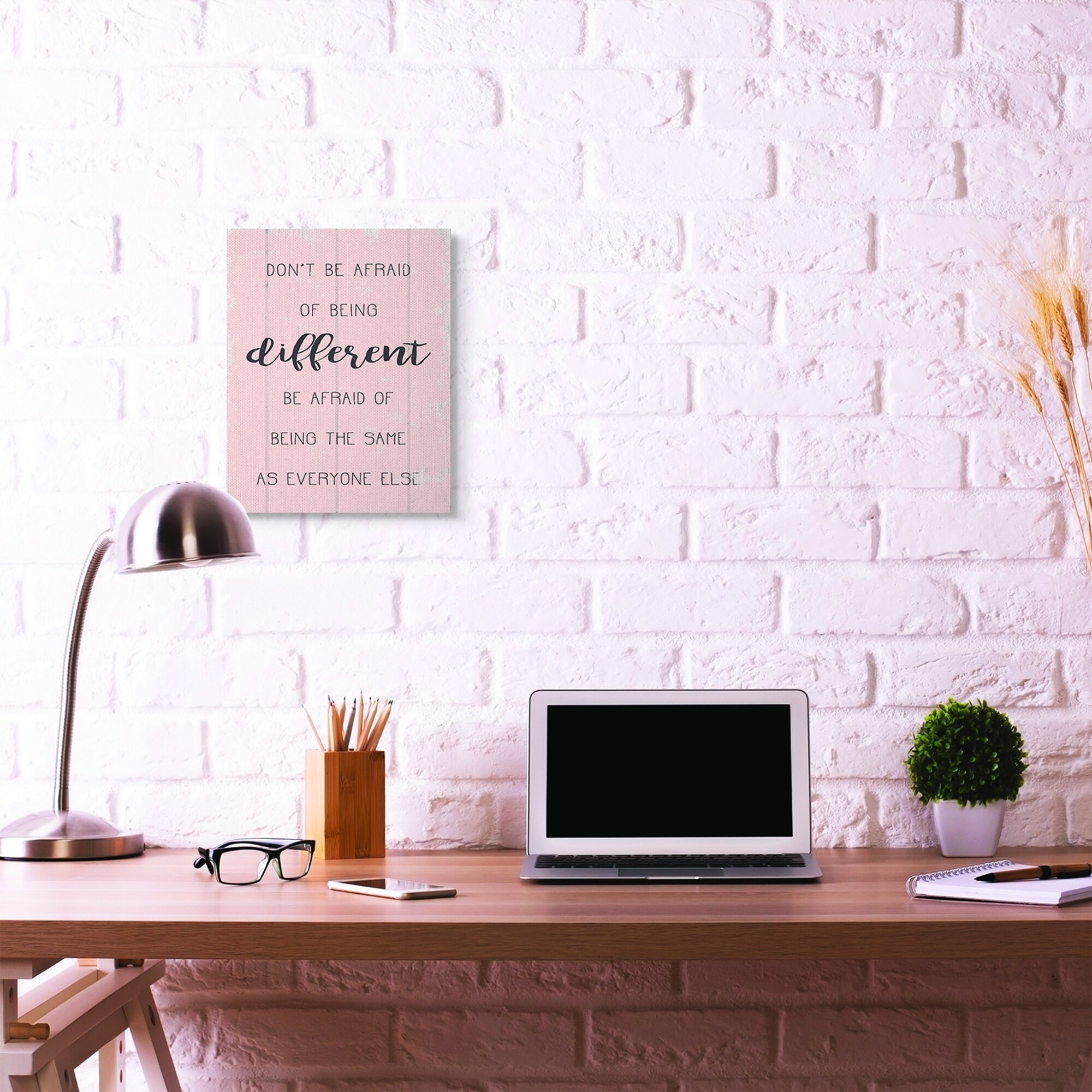 Stupell Industries Don't Be Afraid Pink Wood Texture Inspirational Word Design Canvas Wall Art, Proudly Made in USA
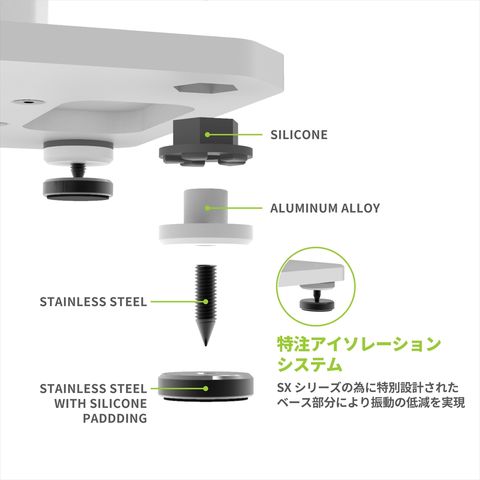 SXシリーズの為に設計されたアイソレーション・システムにより、スピーカーの共振を低減。頑丈なベースプレートが重心を下げスタンドの転倒を防ぎます。
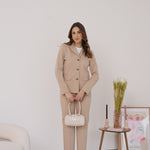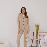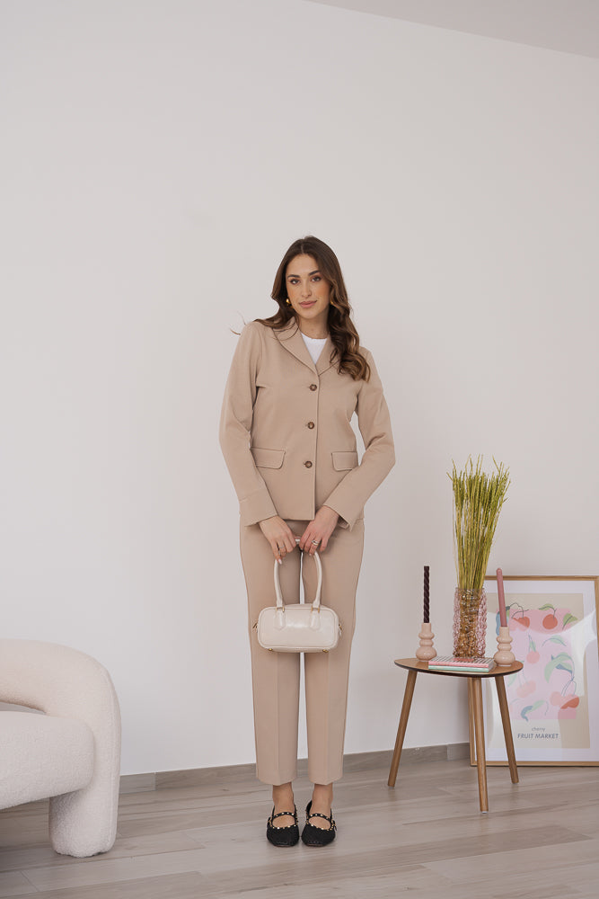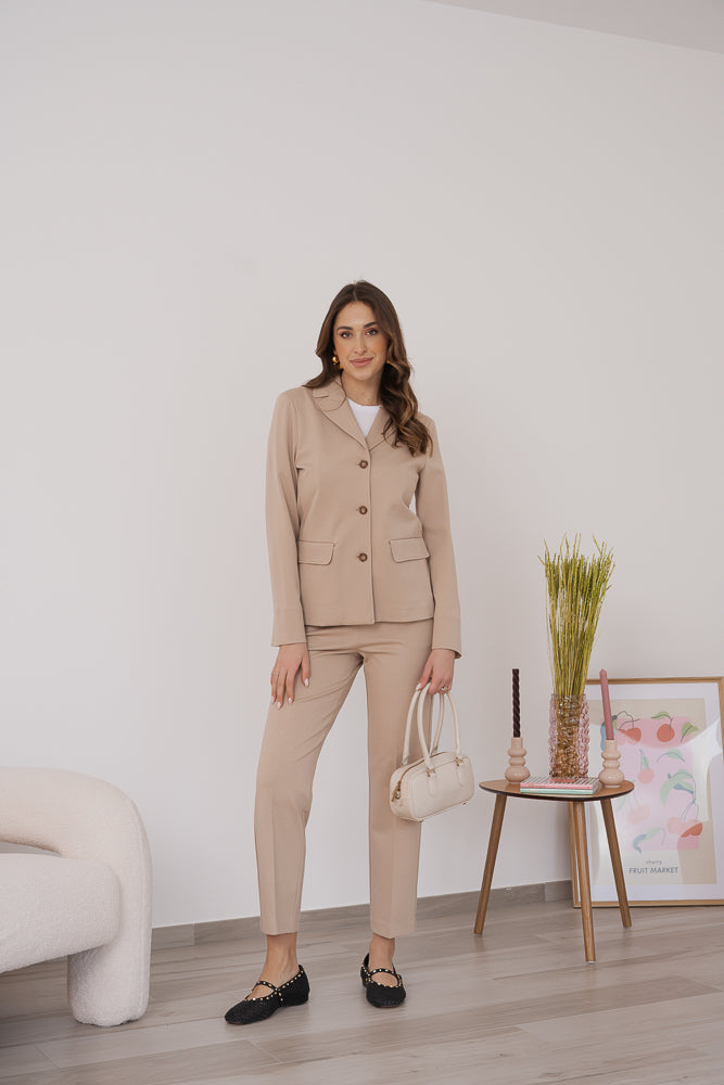 Ha una chiusura con bottoni, scollo con revers e tasche con pattina che enfatizzano il punto vita.

§ **Task item**: Please write out all of the data verbatim, with no pictures in the copy.

§ **Exercise result**:
 Stupell Industries Don't Be Afraid Pink Wood Texture Inspirational Word Design Canvas Wall Art, Proudly Made in USA
 SXシリーズの為に設計されたアイソレーション・システムにより、スピーカーの共振を低減。頑丈なベースプレートが重心を下げスタンドの転倒を防ぎます。
 Ha una chiusura con bottoni, scollo con revers e tasche con pattina che enfatizzano il punto vita.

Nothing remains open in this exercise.